→ **Exercise goal**
Check each line of the entries below for the word "Solidariedade", and copy out the ones that have it.

Collection entries
[Start of section]
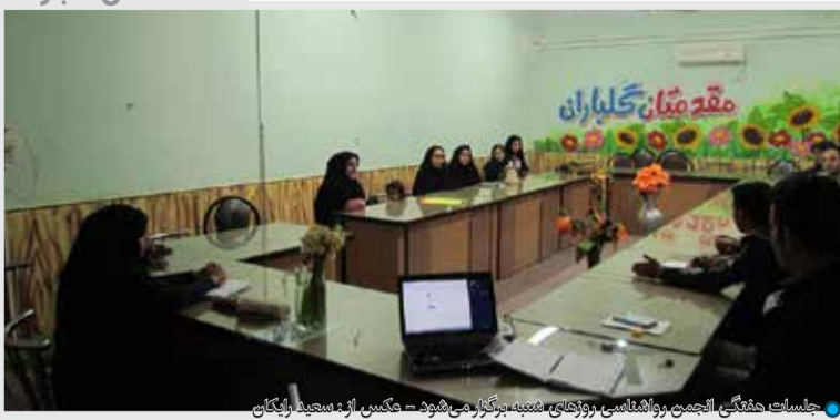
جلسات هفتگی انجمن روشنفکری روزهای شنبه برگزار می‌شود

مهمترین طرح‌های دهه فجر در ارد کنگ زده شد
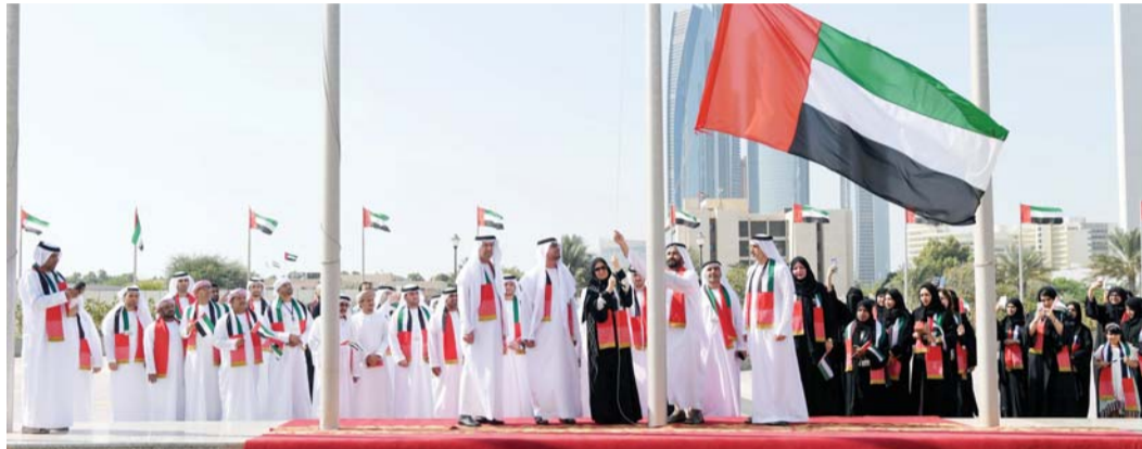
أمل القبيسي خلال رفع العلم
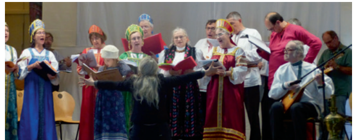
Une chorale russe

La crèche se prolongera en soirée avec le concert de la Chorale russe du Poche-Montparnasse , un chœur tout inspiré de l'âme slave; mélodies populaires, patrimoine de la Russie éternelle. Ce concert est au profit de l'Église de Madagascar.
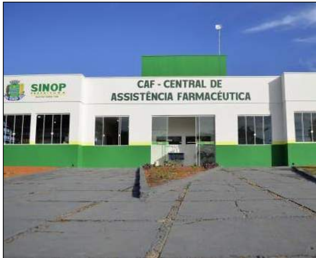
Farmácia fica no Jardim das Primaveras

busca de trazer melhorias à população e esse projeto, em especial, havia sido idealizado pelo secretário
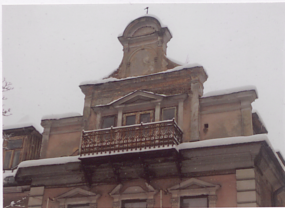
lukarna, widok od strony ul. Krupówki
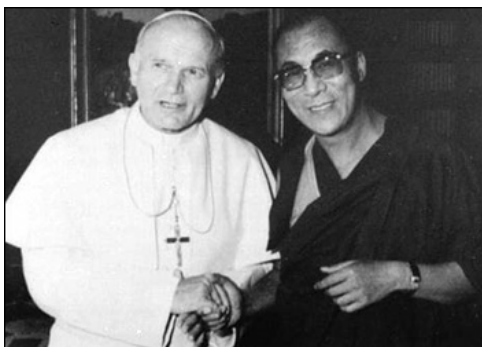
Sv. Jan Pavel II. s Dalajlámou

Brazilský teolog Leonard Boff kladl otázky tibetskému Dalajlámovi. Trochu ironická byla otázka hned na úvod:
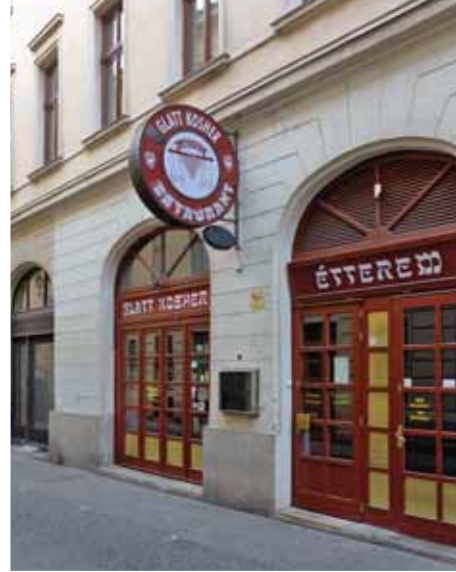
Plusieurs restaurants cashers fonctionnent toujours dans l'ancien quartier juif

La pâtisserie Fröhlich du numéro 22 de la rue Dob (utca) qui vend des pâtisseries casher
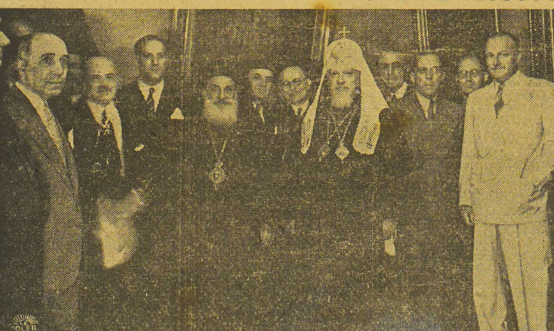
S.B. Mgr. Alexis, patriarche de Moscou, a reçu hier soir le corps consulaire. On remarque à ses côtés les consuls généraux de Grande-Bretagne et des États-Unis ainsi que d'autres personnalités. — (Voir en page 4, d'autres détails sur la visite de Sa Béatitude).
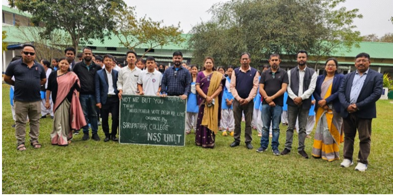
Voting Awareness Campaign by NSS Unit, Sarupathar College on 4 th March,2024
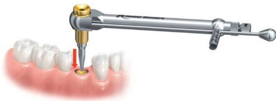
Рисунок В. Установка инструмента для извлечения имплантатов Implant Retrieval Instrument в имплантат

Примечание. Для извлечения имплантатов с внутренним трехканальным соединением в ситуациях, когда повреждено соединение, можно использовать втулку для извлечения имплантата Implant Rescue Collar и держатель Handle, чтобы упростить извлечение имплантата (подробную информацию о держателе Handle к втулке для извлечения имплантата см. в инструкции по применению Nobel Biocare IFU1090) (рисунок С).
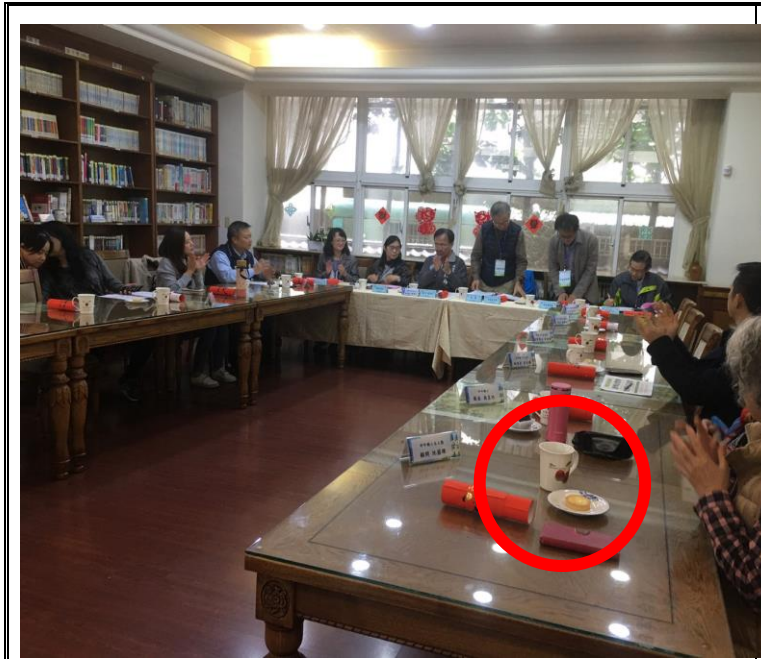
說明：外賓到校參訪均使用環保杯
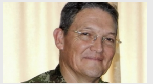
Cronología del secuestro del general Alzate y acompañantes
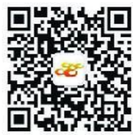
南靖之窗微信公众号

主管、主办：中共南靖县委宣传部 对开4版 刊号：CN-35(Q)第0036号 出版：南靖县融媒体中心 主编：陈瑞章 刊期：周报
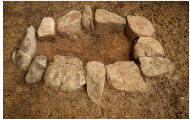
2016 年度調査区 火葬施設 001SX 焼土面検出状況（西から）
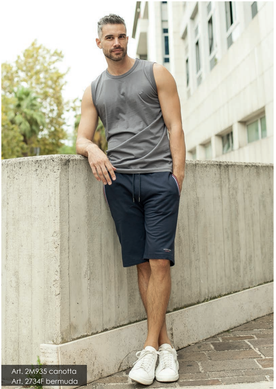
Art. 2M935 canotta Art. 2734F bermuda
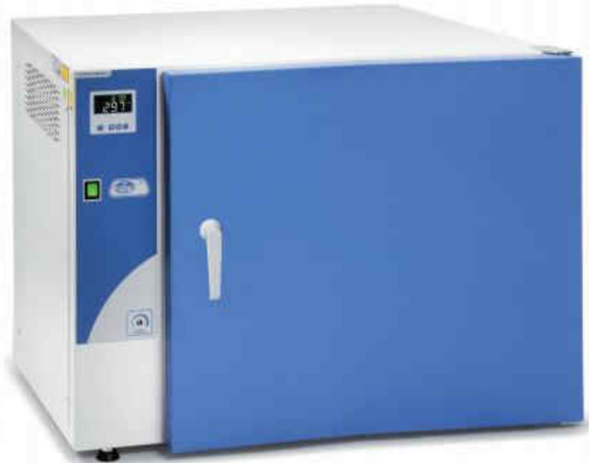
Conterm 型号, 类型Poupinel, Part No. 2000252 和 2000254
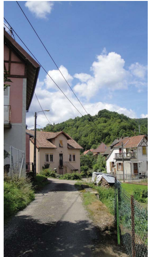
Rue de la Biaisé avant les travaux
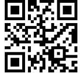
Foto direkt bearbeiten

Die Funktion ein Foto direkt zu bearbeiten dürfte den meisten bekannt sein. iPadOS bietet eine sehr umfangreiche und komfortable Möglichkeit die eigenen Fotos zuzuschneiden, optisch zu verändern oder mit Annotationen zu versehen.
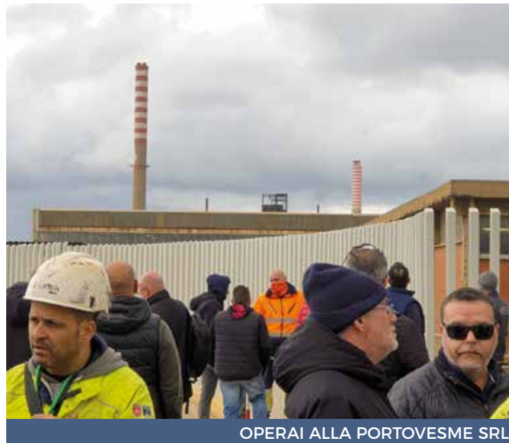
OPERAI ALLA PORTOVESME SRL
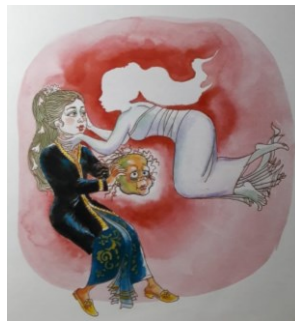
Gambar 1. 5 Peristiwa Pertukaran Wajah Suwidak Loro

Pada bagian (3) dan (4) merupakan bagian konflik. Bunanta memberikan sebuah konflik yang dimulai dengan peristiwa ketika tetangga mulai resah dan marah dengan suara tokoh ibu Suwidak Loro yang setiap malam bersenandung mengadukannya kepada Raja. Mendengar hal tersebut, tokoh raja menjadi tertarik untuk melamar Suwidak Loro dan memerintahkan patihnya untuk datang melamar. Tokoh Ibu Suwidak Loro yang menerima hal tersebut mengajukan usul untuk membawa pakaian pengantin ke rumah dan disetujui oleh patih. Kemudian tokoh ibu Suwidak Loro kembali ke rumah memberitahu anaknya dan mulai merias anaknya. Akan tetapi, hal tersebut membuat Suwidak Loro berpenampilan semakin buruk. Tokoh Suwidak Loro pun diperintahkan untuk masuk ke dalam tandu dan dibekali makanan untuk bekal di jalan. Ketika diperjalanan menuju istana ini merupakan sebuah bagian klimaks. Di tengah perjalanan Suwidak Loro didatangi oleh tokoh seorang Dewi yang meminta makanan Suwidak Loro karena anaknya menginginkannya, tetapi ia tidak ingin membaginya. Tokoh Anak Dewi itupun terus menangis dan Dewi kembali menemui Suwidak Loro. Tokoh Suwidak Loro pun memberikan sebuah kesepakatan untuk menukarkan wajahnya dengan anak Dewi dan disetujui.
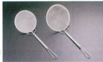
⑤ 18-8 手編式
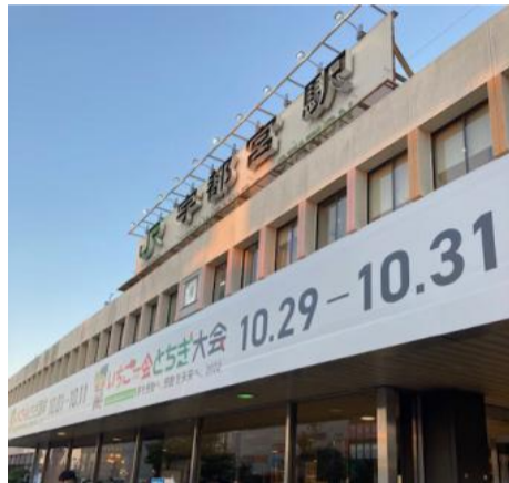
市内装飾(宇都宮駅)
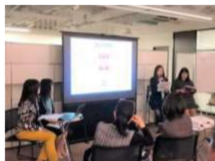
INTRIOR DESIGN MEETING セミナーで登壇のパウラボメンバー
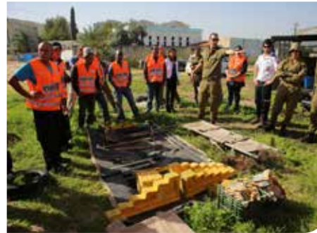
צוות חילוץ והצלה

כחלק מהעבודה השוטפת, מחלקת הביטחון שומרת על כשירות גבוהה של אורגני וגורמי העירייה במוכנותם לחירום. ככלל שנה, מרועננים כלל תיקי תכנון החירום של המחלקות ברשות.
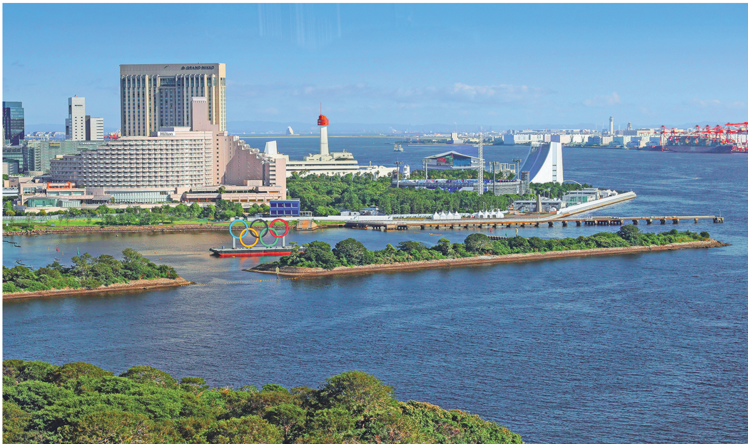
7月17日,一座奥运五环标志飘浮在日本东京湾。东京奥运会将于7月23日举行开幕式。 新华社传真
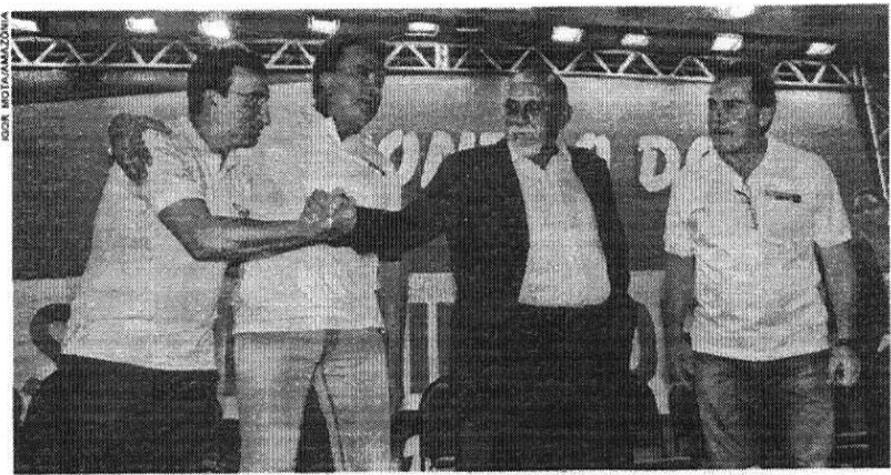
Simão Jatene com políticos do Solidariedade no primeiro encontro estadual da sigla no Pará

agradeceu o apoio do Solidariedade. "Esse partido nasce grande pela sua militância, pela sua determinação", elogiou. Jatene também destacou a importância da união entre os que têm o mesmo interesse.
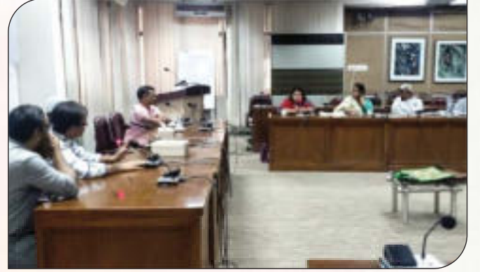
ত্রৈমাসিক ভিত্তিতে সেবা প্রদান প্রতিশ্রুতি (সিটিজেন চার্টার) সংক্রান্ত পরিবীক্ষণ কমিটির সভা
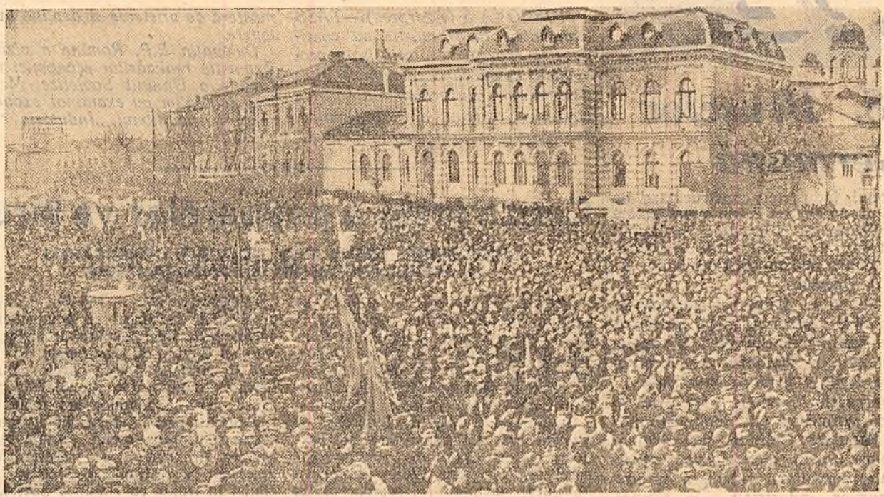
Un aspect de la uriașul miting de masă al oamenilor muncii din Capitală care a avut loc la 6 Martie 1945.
[End of section]
→ **Response below**
Simão Jatene com políticos do Solidariedade no primeiro encontro estadual da sigla no Pará
agradeceu o apoio do Solidariedade. "Esse partido nasce grande pela sua militância, pela sua determinação", elogiou. Jatene também destacou a importância da união entre os que têm o mesmo interesse.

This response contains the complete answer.